D-Pinitol first entered the market in 1998, marketed by Humanetics Corporation. It’s chemical name is 3-O-methyl- D-chiro-inositol which means that it is a methyl ether of DCI and it is estimated that about 1/3 of orally administered d-pinitol is converted within the body into DCI. Studies on the effects of pinitol on blood sugar metabolism have had quite mixed results. Study numbers are generally quite small, usually between 5 & 25 subjects so that may explain some of the variability in results. One study by Davis et al published in Diabetes Care in 2000 showed that supplementation with d-pinitol at a rate of 20mg/kg bodyweight increases the blood concentration of both d-pinitol (48 x) and d-chiro inositol (14 x) after a period of 4 weeks. Unfortunately, however, this did not appear to affect any of the baseline parameters for measuring glucose metabolism.

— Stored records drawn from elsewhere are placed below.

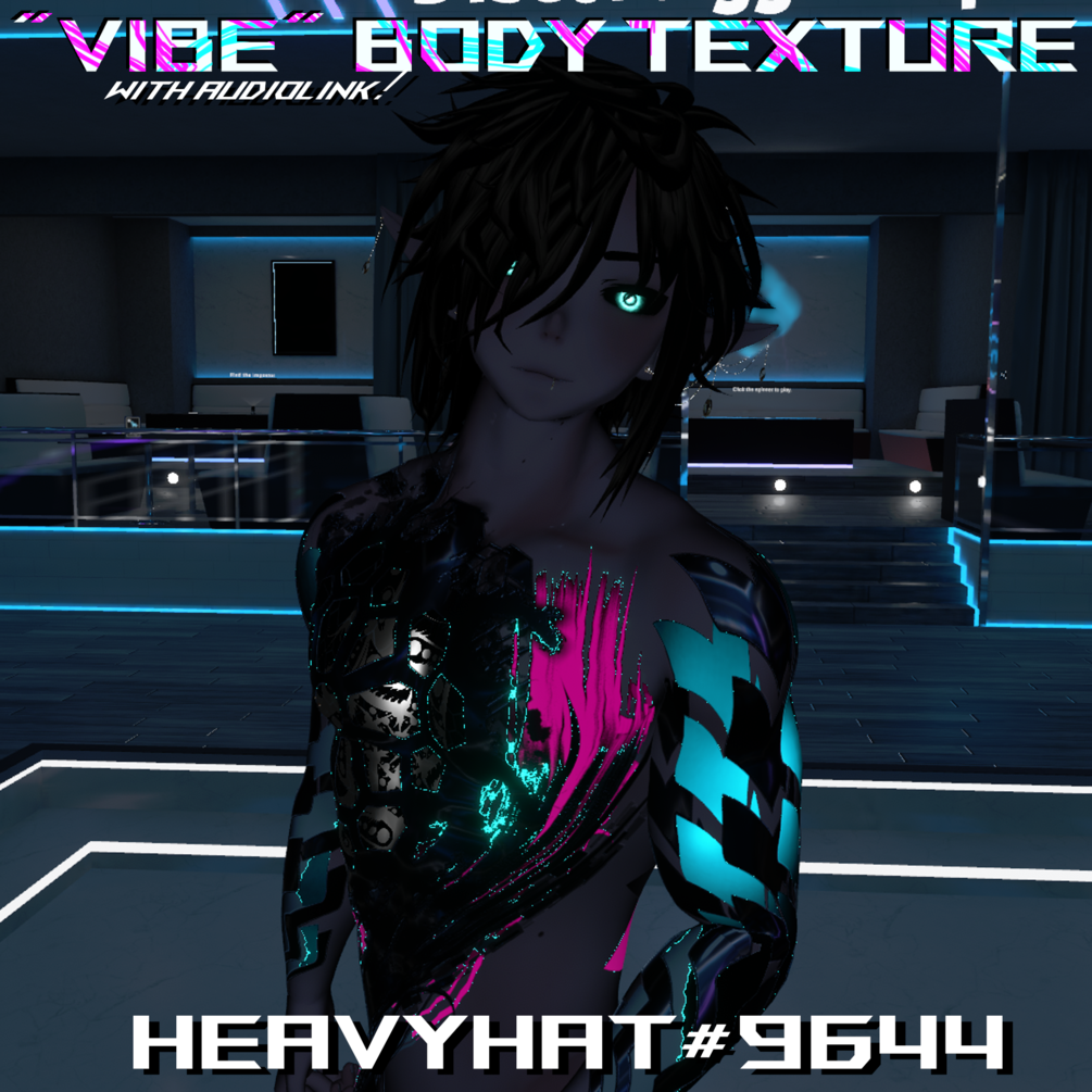 • There will also be a Unity Package included wich contains the material wich you easily can drag onto your avatars bodyparts for simple aplication if you want the same effect thats on the pics/video, it will require Poiyomi Shader though (created with Poiyomi Pro 7.3.046).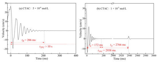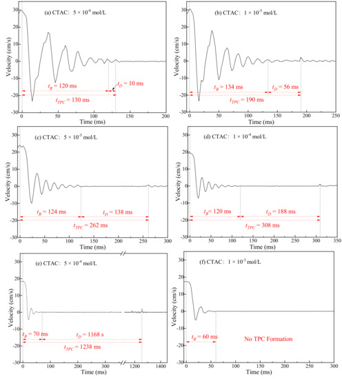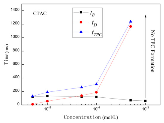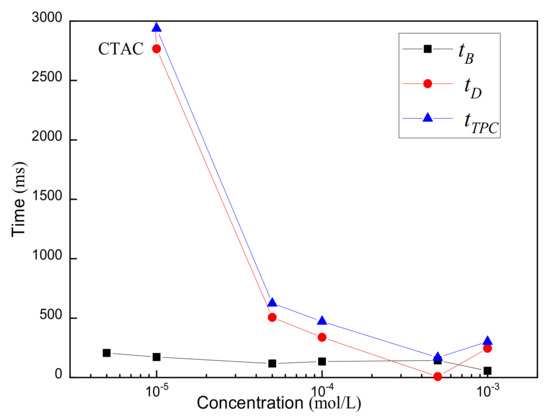 Besides deionized water, the bubble velocity during the collision-rebound process with the talc surface in the CTAC solution with different concentrations was also studied in Figure 11. According to the result, the motion rule with the talc surface was different from that in Figure 7. The higher concentrations resulted in smaller collision-rebound cycles and shorter tB, but longer tD and [30], as shown in Figure 12. This explained that the higher concentration of CTAC could hamper the TPC formation, and even no TPC occurred at 1 × 10−3 mol/L, indicating that the hydrophobicity was not the main reason for TPC formation of hydrophobic talc. This is because there was a local foam film between the bubble and the talc, making the bubble stability become the major reason. For concentrations below 5 × 10−5 mol/L, tB > tD, indicating that the effect of the bubble rebound process on the TPC line was greater than the liquid film burst time. While tB and tD showed opposite changes, tTPC extended with increasing CTAC concentration. Different phenomena between hydrophobic talc and hydrophilic muscovite showed that TPC can be formed due to different reasons.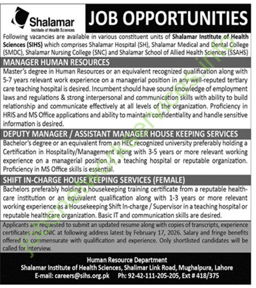 Following vacancies are available in various constituent units of Shalamar Institute of Health Sciences (SIHS) which comprises Shalamar Hospital (SH), Shalamar Medical and Dental College (SMDC), Shalamar Nursing College (SNC) and Shalamar School of Allied Health Sciences (SSAHS).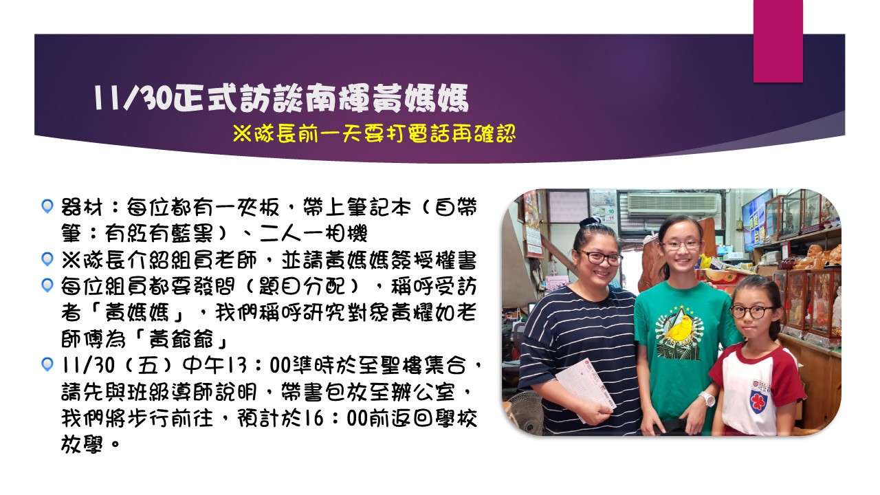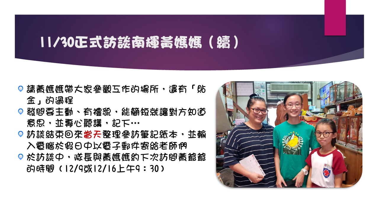 主要由大家自己檢核自己是否有做到,在這個過程中有沒有什麼獲得,而這是為了下週要到南輝木匾雕刻處的參訪做準備,今天最後的時間便是老師將收來的組員提問問題做了一些篩選及組合,最後擬定了18個參訪題目,每位小朋友分配到二題,老師請大家回去後利用時間,看一下自己的題目敘述,自己練習說說看。還有老師交待了下週拜訪黃媽媽的一些流程及注意事項,請大家記住了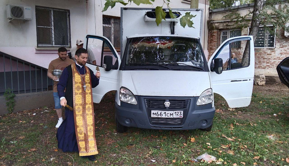Перед отправкой гуманитарного груза протоиерей Андрей Солоп совершил краткий молебен и окропил машины святой водой, благословив в добрый путь.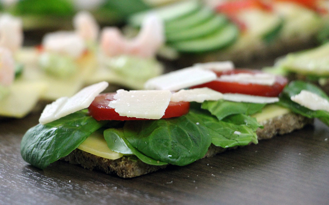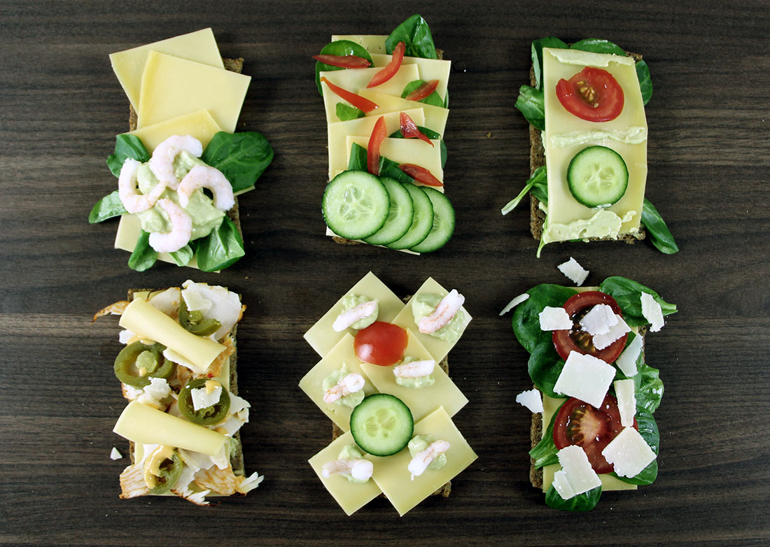 Dann haut ihr alles drauf, was ihr im Kühlschrank findet. Salat, Obst, Garnelen, Lachs, Schinken, mehr Käse, Jalapenos, Gurken, mehr Käse, Tomaten, Avocado-Creme oder einfach noch mehr Käse. Ganz nach Lust und Laune. Und denkt dran: Das Auge isst mit – immerhin verkaufen dänische Imbisse die Teile für mehrere Euros, da muss schon Handwerkskunst am Brotbau stattfinden!

Another more recent study by researchers at the Hong-Ik Hospital in Seoul found that the same level of supplementation, but over a period of 12 weeks did have a significant effect on reducing fasting glucose levels, blood glucose levels after meals and the longer term measure of blood glucose levels gylcosylated haemoglobin which basically provides an average of the blood sugar level for the past three months. Another Korean research group has found that pinitol supplementation is most effective at lowering blood sugar levels after meals when it is taken an hour before a carbohydrate rich meal, but that it had no appreciable effect on insulin levels measured after the meal. This may mean that it enhances the insulin sensitivity of cells by participating in the insulin signalling pathway rather than merely increasing the production of insulin in response to a carbohydrate load. This would be especially beneficial for women with PCOS who are likely to already have elevated levels of insulin.